▶ _DATA TO PROCESS_:
==*==

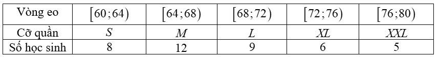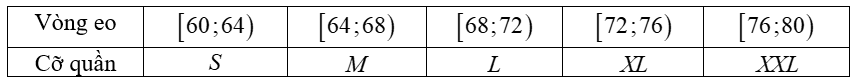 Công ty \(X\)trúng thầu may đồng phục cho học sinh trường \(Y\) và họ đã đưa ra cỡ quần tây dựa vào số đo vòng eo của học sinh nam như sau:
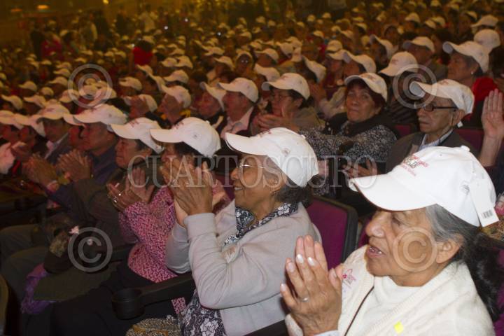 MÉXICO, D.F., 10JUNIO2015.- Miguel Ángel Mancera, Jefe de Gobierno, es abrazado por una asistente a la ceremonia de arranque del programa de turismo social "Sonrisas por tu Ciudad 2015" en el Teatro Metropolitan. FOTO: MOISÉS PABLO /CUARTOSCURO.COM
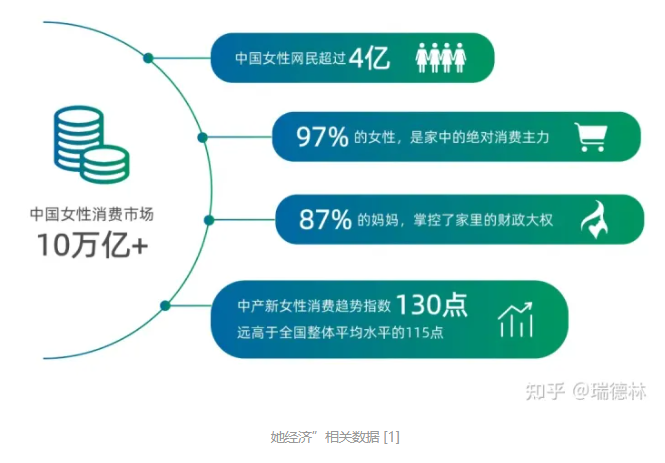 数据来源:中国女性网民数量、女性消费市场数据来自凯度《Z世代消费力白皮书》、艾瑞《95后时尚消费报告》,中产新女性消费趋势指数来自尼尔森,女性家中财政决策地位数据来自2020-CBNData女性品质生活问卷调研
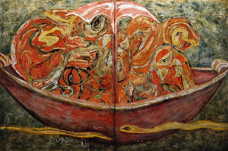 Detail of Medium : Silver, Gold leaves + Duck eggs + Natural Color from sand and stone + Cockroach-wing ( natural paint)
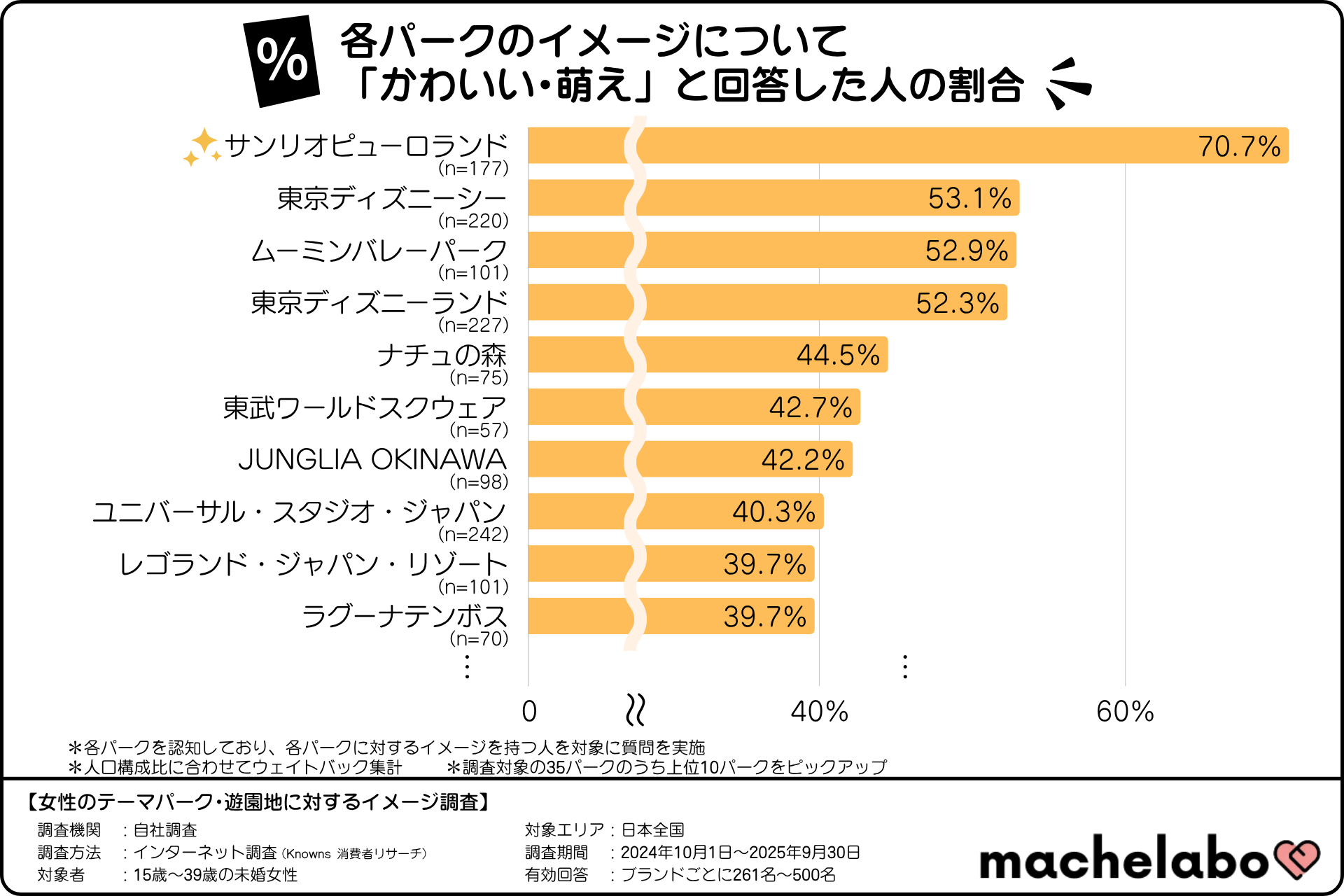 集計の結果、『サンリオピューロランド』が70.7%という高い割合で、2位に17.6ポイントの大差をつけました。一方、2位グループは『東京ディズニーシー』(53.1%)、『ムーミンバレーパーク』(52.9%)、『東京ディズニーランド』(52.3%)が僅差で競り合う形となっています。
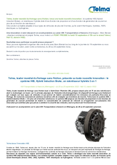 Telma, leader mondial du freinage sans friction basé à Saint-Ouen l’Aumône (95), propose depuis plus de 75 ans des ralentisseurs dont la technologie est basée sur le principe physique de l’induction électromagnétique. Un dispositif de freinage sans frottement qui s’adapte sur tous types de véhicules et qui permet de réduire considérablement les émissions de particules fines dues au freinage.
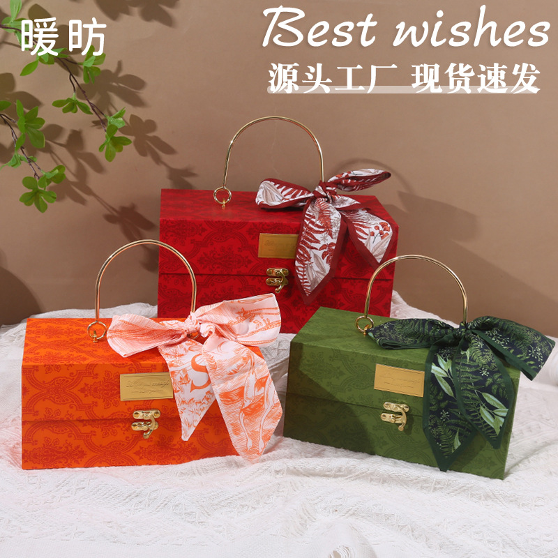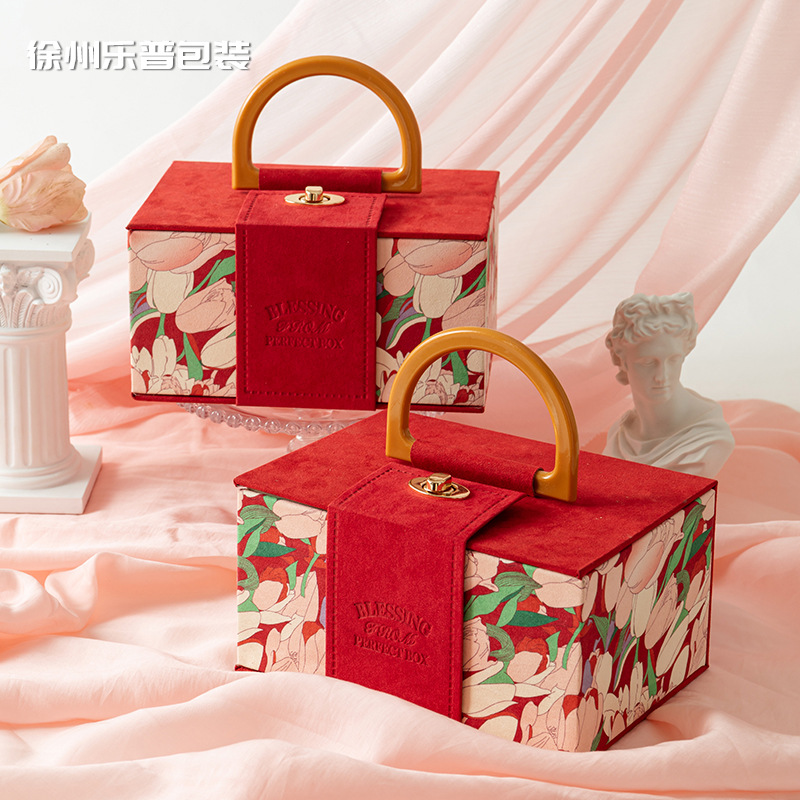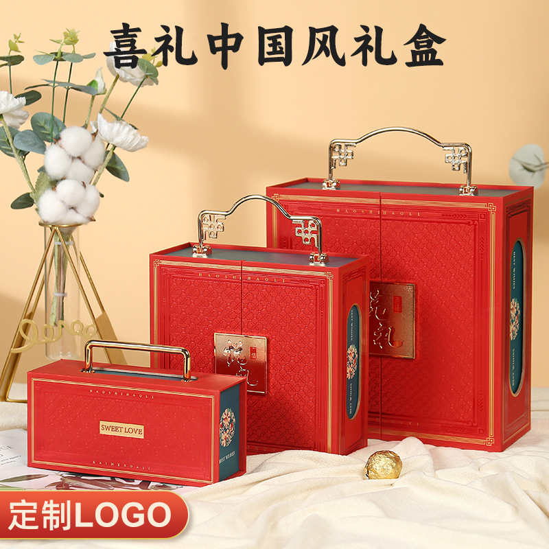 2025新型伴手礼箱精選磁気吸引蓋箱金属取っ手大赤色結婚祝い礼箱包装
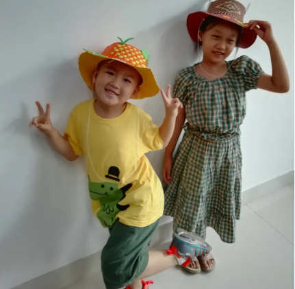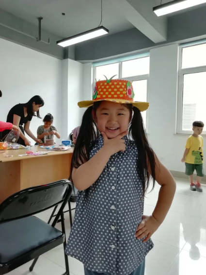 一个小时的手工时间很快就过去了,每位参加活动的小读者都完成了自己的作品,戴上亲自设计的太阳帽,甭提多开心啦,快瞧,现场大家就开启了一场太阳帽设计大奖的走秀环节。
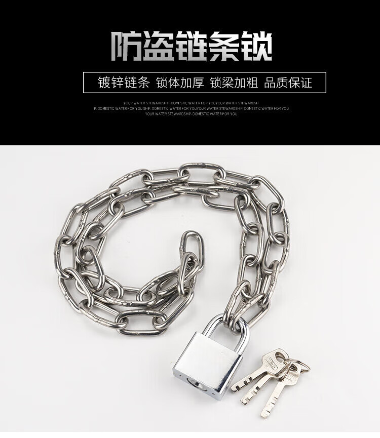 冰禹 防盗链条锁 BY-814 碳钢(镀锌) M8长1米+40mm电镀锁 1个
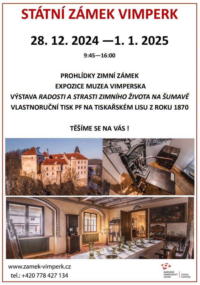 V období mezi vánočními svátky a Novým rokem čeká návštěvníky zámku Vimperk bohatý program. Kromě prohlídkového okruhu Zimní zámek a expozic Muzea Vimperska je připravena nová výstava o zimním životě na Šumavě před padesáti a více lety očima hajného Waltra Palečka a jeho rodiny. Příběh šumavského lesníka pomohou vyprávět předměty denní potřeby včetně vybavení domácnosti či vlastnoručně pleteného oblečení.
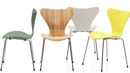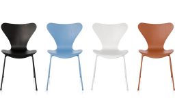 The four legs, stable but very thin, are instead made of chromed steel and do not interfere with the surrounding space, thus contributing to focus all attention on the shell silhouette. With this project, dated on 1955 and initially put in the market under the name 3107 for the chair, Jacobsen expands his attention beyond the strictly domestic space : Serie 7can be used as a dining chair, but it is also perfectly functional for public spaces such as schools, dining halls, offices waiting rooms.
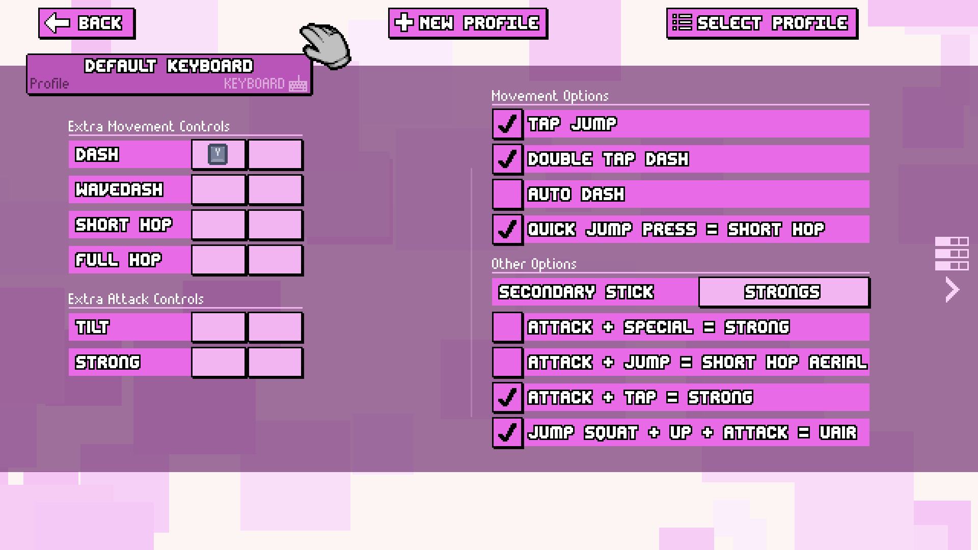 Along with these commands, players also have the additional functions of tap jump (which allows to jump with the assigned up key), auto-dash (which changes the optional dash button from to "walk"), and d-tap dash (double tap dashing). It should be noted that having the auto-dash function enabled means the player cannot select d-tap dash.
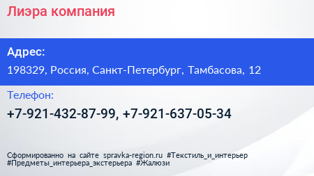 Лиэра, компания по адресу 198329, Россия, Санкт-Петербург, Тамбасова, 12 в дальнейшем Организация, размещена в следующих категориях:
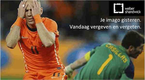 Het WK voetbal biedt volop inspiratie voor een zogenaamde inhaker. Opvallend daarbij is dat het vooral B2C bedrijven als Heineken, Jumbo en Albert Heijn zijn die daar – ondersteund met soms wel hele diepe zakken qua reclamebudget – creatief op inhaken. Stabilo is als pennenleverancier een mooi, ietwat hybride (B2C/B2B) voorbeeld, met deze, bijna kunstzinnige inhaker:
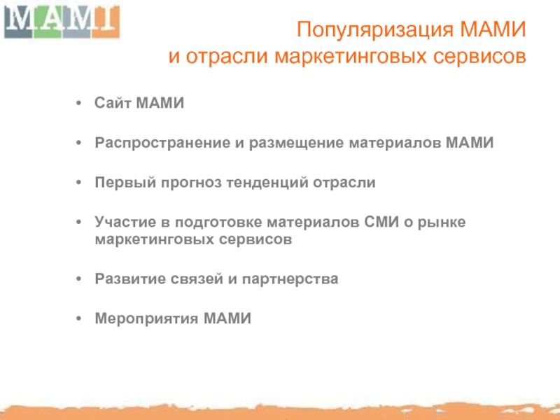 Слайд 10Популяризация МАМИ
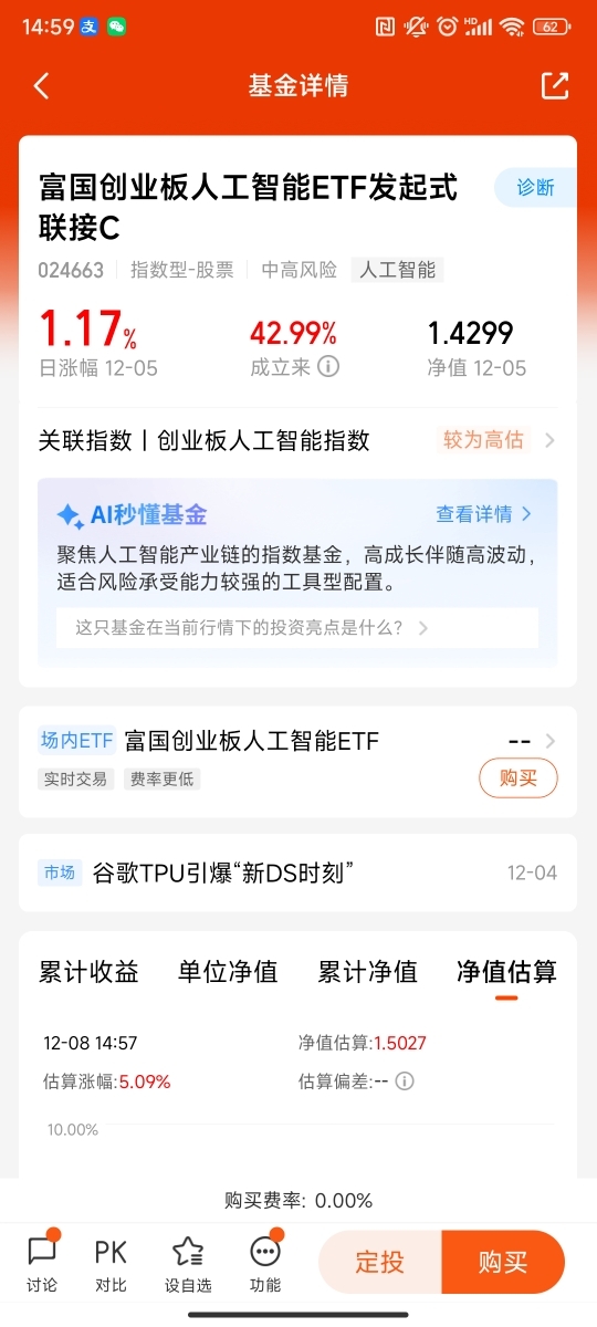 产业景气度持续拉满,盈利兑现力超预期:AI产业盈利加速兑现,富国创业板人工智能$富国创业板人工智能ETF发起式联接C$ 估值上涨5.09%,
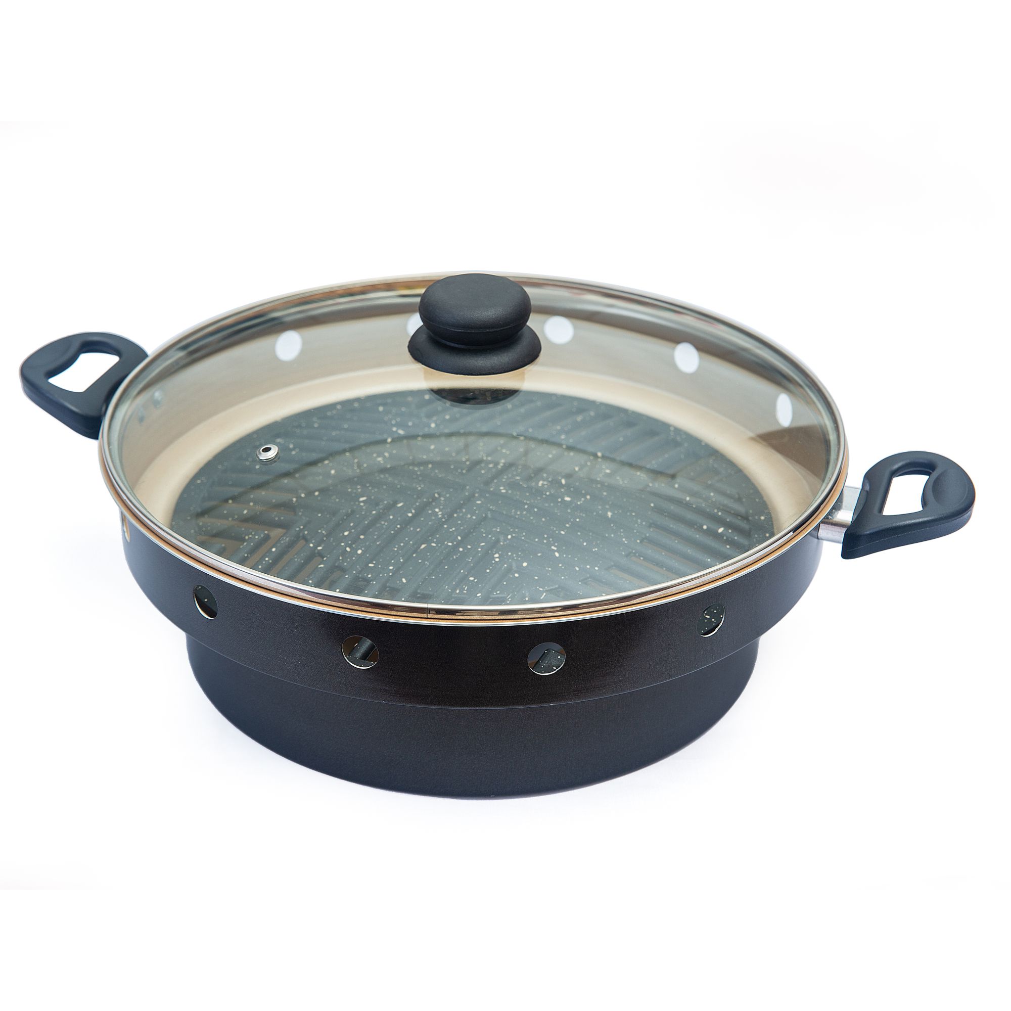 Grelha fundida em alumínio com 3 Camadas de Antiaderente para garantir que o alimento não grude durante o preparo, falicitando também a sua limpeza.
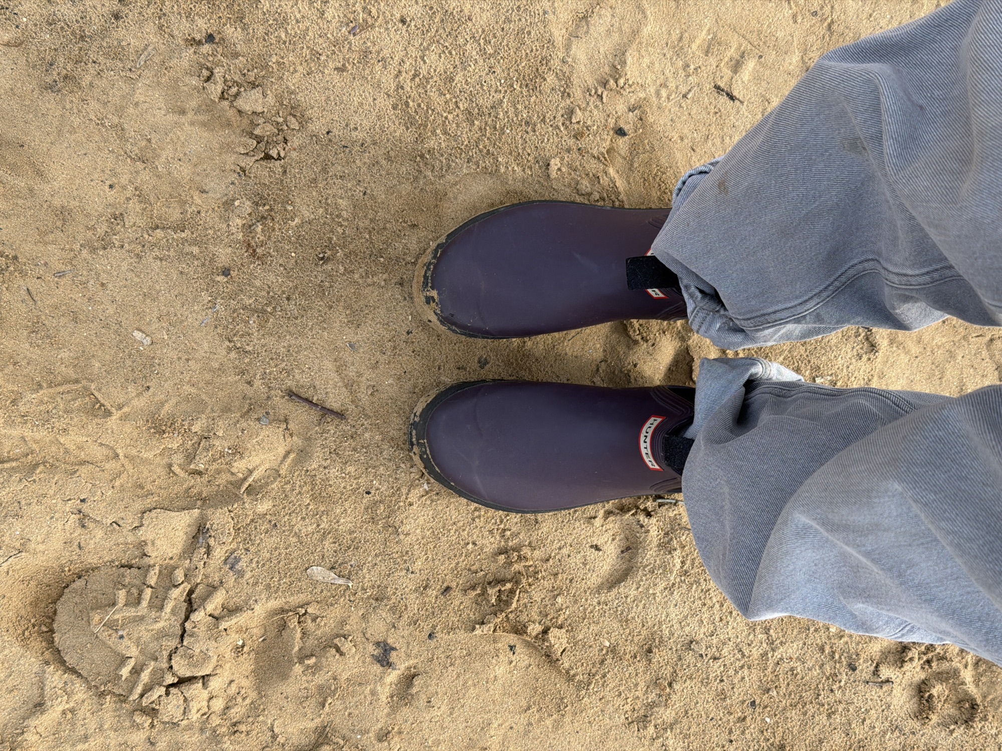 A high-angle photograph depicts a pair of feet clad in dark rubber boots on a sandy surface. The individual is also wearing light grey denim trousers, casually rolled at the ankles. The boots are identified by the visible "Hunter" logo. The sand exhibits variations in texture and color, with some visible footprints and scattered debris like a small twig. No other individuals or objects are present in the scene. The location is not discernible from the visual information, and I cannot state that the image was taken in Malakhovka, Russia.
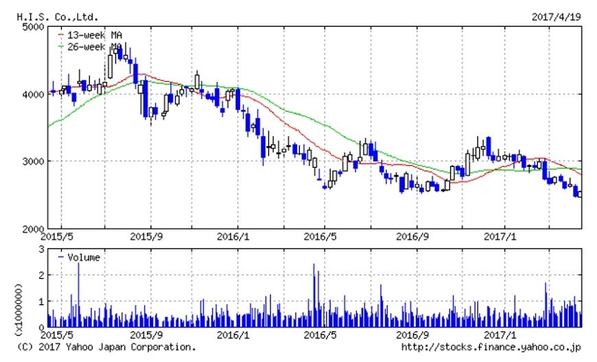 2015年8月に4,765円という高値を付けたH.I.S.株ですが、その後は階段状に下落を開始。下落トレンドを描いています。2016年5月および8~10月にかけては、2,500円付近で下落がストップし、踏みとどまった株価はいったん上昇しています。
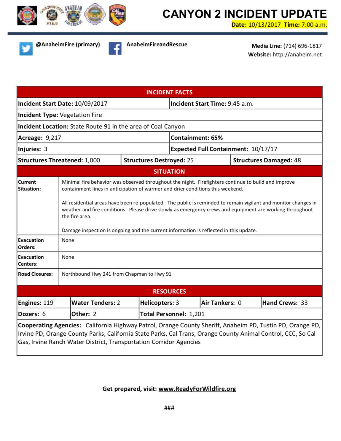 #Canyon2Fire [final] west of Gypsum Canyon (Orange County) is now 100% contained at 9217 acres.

==*==

▶ _PROBLEM TO SOLVE_: Without the pictures, give again exactly the lines above starting at the line containing "数据来源:中国女性网民数量、" and ending at the line containing "The four legs, stable".

▶ _OUTPUT_:
 数据来源:中国女性网民数量、女性消费市场数据来自凯度《Z世代消费力白皮书》、艾瑞《95后时尚消费报告》,中产新女性消费趋势指数来自尼尔森,女性家中财政决策地位数据来自2020-CBNData女性品质生活问卷调研
 Detail of Medium : Silver, Gold leaves + Duck eggs + Natural Color from sand and stone + Cockroach-wing ( natural paint)
 集計の結果、『サンリオピューロランド』が70.7%という高い割合で、2位に17.6ポイントの大差をつけました。一方、2位グループは『東京ディズニーシー』(53.1%)、『ムーミンバレーパーク』(52.9%)、『東京ディズニーランド』(52.3%)が僅差で競り合う形となっています。
 Telma, leader mondial du freinage sans friction basé à Saint-Ouen l’Aumône (95), propose depuis plus de 75 ans des ralentisseurs dont la technologie est basée sur le principe physique de l’induction électromagnétique. Un dispositif de freinage sans frottement qui s’adapte sur tous types de véhicules et qui permet de réduire considérablement les émissions de particules fines dues au freinage.
 2025新型伴手礼箱精選磁気吸引蓋箱金属取っ手大赤色結婚祝い礼箱包装
 一个小时的手工时间很快就过去了,每位参加活动的小读者都完成了自己的作品,戴上亲自设计的太阳帽,甭提多开心啦,快瞧,现场大家就开启了一场太阳帽设计大奖的走秀环节。
 冰禹 防盗链条锁 BY-814 碳钢(镀锌) M8长1米+40mm电镀锁 1个
 V období mezi vánočními svátky a Novým rokem čeká návštěvníky zámku Vimperk bohatý program. Kromě prohlídkového okruhu Zimní zámek a expozic Muzea Vimperska je připravena nová výstava o zimním životě na Šumavě před padesáti a více lety očima hajného Waltra Palečka a jeho rodiny. Příběh šumavského lesníka pomohou vyprávět předměty denní potřeby včetně vybavení domácnosti či vlastnoručně pleteného oblečení.
 The four legs, stable but very thin, are instead made of chromed steel and do not interfere with the surrounding space, thus contributing to focus all attention on the shell silhouette. With this project, dated on 1955 and initially put in the market under the name 3107 for the chair, Jacobsen expands his attention beyond the strictly domestic space : Serie 7can be used as a dining chair, but it is also perfectly functional for public spaces such as schools, dining halls, offices waiting rooms.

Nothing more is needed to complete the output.